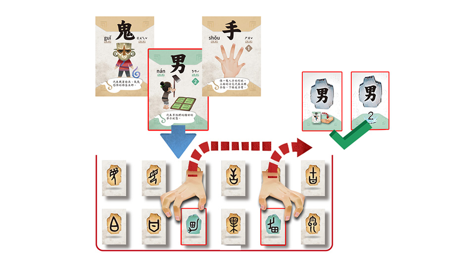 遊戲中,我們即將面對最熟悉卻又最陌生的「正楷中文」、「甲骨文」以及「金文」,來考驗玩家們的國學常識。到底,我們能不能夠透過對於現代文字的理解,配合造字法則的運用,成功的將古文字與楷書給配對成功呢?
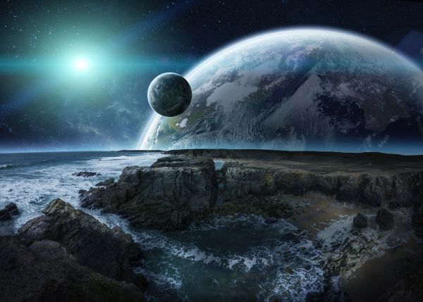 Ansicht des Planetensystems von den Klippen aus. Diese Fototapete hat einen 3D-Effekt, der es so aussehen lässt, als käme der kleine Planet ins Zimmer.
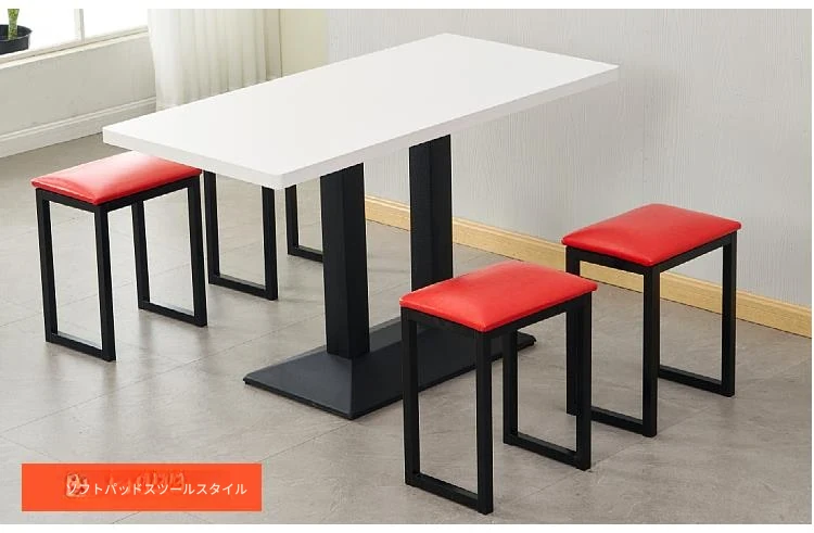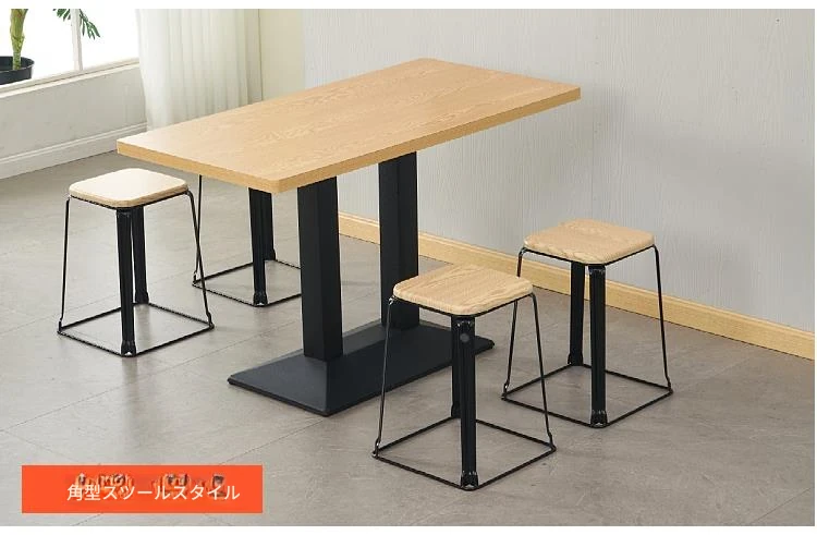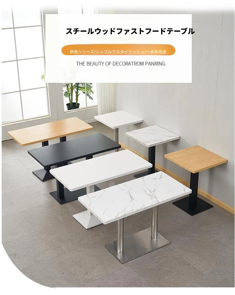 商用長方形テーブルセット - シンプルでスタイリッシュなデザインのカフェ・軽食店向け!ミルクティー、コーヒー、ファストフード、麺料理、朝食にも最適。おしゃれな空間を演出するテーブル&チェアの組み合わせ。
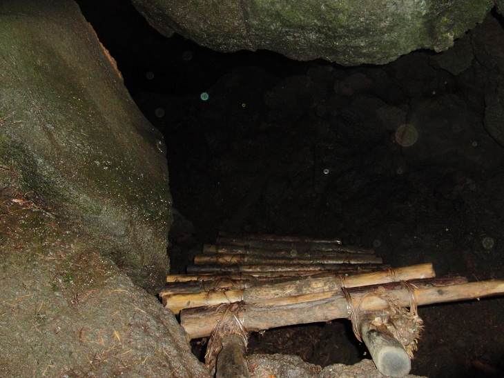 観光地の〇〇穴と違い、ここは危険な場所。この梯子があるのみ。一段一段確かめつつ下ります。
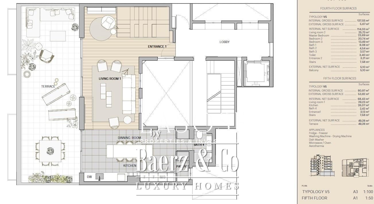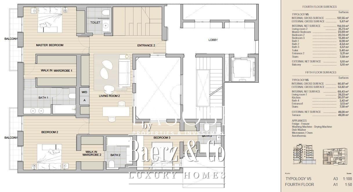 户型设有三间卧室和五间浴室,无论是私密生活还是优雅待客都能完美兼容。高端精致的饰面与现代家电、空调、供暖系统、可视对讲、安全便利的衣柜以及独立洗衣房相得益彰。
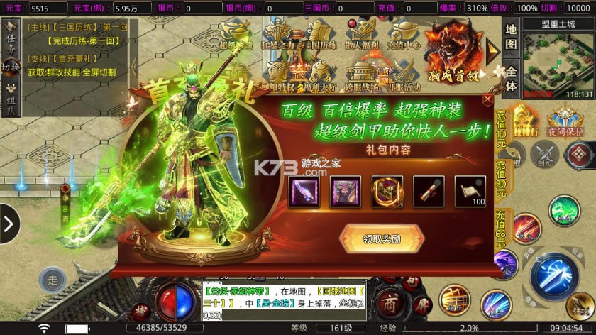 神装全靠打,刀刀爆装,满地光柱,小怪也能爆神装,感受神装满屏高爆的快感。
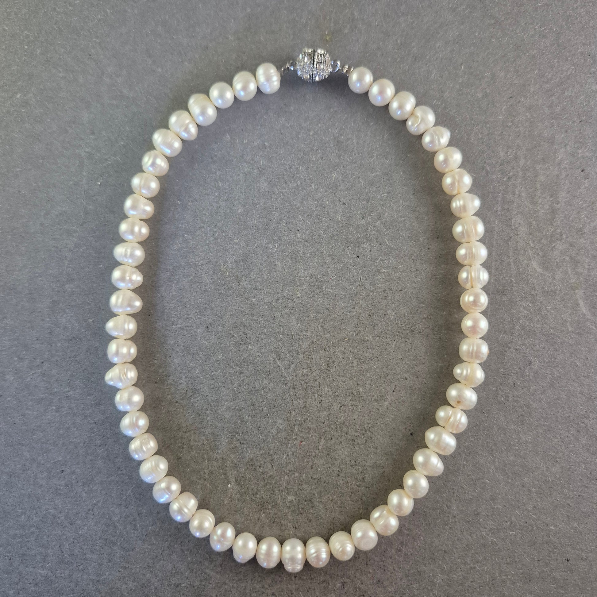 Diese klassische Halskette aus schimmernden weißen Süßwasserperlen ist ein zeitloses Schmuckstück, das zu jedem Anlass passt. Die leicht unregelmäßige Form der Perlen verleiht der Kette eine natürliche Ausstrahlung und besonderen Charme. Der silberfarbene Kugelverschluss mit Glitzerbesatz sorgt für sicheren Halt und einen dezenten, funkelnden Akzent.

--

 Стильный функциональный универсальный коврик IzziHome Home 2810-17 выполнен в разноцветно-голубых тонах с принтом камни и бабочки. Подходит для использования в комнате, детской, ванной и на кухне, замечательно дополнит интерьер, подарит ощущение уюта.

--

Starting at the line above that has "Ansicht des Planetensystems" and ending at the line that has "Diese klassische Halskette", copy each line exactly, leaving the pictures out and adding nothing.

#### Exercise output
 Ansicht des Planetensystems von den Klippen aus. Diese Fototapete hat einen 3D-Effekt, der es so aussehen lässt, als käme der kleine Planet ins Zimmer.
 商用長方形テーブルセット - シンプルでスタイリッシュなデザインのカフェ・軽食店向け!ミルクティー、コーヒー、ファストフード、麺料理、朝食にも最適。おしゃれな空間を演出するテーブル&チェアの組み合わせ。
 観光地の〇〇穴と違い、ここは危険な場所。この梯子があるのみ。一段一段確かめつつ下ります。
 户型设有三间卧室和五间浴室,无论是私密生活还是优雅待客都能完美兼容。高端精致的饰面与现代家电、空调、供暖系统、可视对讲、安全便利的衣柜以及独立洗衣房相得益彰。
 神装全靠打,刀刀爆装,满地光柱,小怪也能爆神装,感受神装满屏高爆的快感。
 Diese klassische Halskette aus schimmernden weißen Süßwasserperlen ist ein zeitloses Schmuckstück, das zu jedem Anlass passt. Die leicht unregelmäßige Form der Perlen verleiht der Kette eine natürliche Ausstrahlung und besonderen Charme. Der silberfarbene Kugelverschluss mit Glitzerbesatz sorgt für sicheren Halt und einen dezenten, funkelnden Akzent.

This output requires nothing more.